» **Required action**: Below is a listing. Set down exactly the lines from the one containing "Jenni Kayne Brown" through the one containing "表は白地に黒のお花柄、裏地は黒地に白のお花柄になっております", both ends included, and leave out the rest.

» **Dataset records**:
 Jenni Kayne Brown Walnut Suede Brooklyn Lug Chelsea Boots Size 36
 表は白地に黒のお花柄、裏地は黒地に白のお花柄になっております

* * *

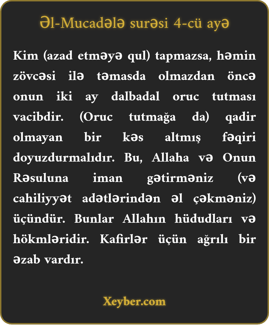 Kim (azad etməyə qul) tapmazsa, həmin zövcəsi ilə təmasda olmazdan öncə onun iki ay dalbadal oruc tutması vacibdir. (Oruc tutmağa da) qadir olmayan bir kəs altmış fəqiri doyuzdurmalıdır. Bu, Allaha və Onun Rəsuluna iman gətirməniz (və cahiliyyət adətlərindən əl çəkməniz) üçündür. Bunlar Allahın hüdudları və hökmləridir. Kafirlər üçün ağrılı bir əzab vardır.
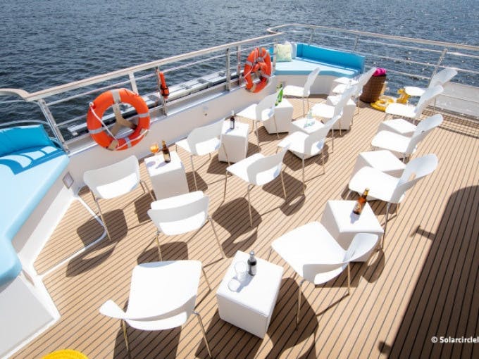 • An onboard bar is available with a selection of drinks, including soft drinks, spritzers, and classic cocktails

» **Answer for the task**:
 Jenni Kayne Brown Walnut Suede Brooklyn Lug Chelsea Boots Size 36
 表は白地に黒のお花柄、裏地は黒地に白のお花柄になっております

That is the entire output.